§ **Available data**:

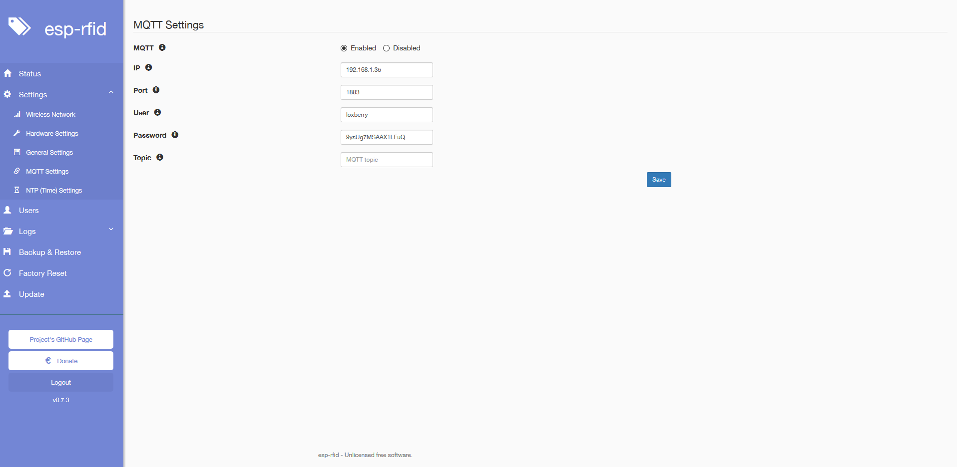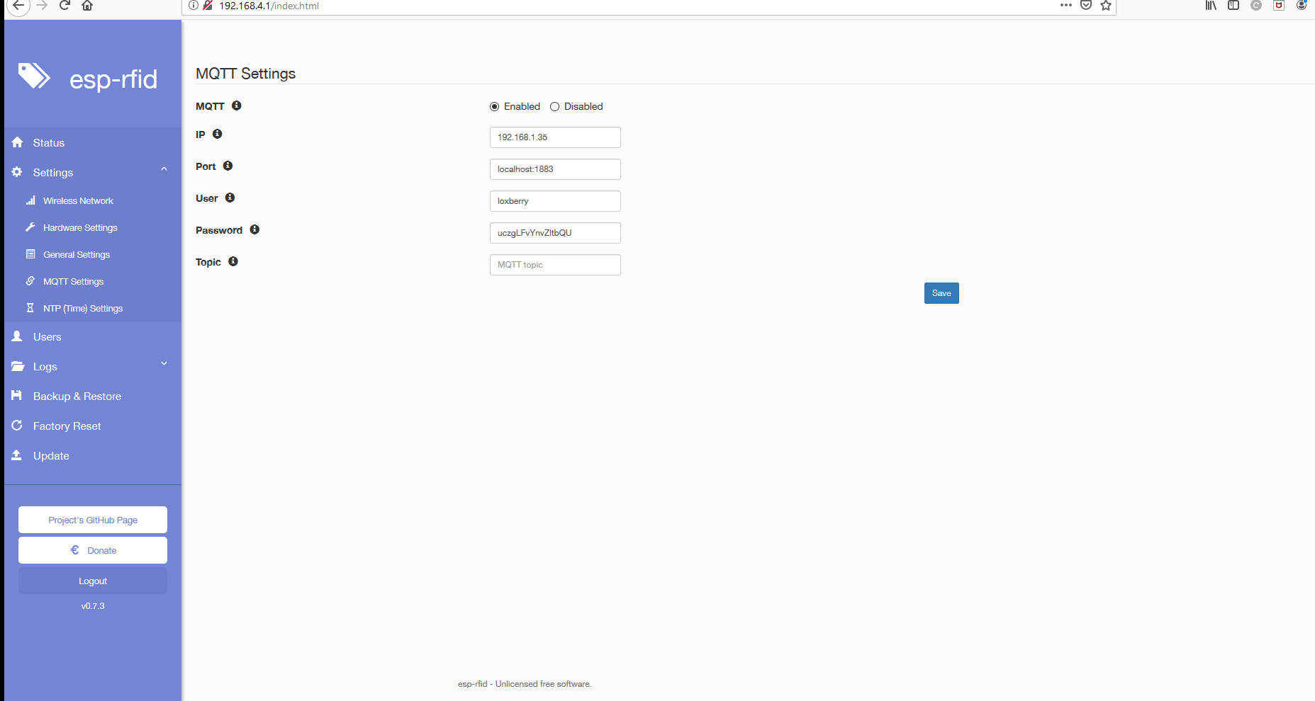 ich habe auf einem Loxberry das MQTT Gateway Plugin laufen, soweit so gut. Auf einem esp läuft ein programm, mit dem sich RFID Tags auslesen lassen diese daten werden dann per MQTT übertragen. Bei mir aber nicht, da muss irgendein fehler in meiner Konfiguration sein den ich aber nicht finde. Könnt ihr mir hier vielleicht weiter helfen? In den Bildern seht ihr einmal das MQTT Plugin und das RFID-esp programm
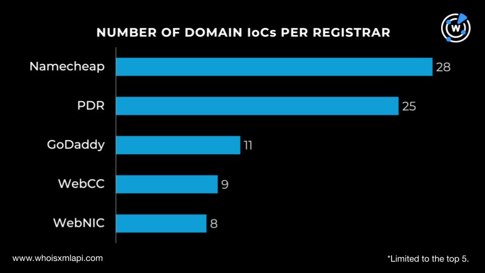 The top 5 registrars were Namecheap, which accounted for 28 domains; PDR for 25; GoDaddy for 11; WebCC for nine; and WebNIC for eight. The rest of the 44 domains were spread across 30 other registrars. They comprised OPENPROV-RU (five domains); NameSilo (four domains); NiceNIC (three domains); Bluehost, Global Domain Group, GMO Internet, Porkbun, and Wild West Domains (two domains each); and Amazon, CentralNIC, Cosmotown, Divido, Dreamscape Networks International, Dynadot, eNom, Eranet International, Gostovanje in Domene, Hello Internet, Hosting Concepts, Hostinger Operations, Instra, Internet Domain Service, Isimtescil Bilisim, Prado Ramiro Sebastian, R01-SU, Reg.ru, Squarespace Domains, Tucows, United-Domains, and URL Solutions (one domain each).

* * *

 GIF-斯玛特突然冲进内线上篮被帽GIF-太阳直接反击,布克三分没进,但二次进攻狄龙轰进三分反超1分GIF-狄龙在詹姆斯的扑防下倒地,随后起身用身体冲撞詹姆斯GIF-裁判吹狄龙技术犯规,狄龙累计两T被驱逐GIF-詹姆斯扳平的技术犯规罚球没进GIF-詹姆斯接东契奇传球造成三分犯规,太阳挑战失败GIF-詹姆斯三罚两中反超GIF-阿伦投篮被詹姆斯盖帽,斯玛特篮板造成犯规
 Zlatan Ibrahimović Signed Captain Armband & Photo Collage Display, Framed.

§ **Exercise prompt**:
Give back the exact lines above, running from the one that has "ich habe auf" through the one that has "The top 5 registrars", with nothing added and no pictures.

§ **Reply to the task**:
 ich habe auf einem Loxberry das MQTT Gateway Plugin laufen, soweit so gut. Auf einem esp läuft ein programm, mit dem sich RFID Tags auslesen lassen diese daten werden dann per MQTT übertragen. Bei mir aber nicht, da muss irgendein fehler in meiner Konfiguration sein den ich aber nicht finde. Könnt ihr mir hier vielleicht weiter helfen? In den Bildern seht ihr einmal das MQTT Plugin und das RFID-esp programm
 The top 5 registrars were Namecheap, which accounted for 28 domains; PDR for 25; GoDaddy for 11; WebCC for nine; and WebNIC for eight. The rest of the 44 domains were spread across 30 other registrars. They comprised OPENPROV-RU (five domains); NameSilo (four domains); NiceNIC (three domains); Bluehost, Global Domain Group, GMO Internet, Porkbun, and Wild West Domains (two domains each); and Amazon, CentralNIC, Cosmotown, Divido, Dreamscape Networks International, Dynadot, eNom, Eranet International, Gostovanje in Domene, Hello Internet, Hosting Concepts, Hostinger Operations, Instra, Internet Domain Service, Isimtescil Bilisim, Prado Ramiro Sebastian, R01-SU, Reg.ru, Squarespace Domains, Tucows, United-Domains, and URL Solutions (one domain each).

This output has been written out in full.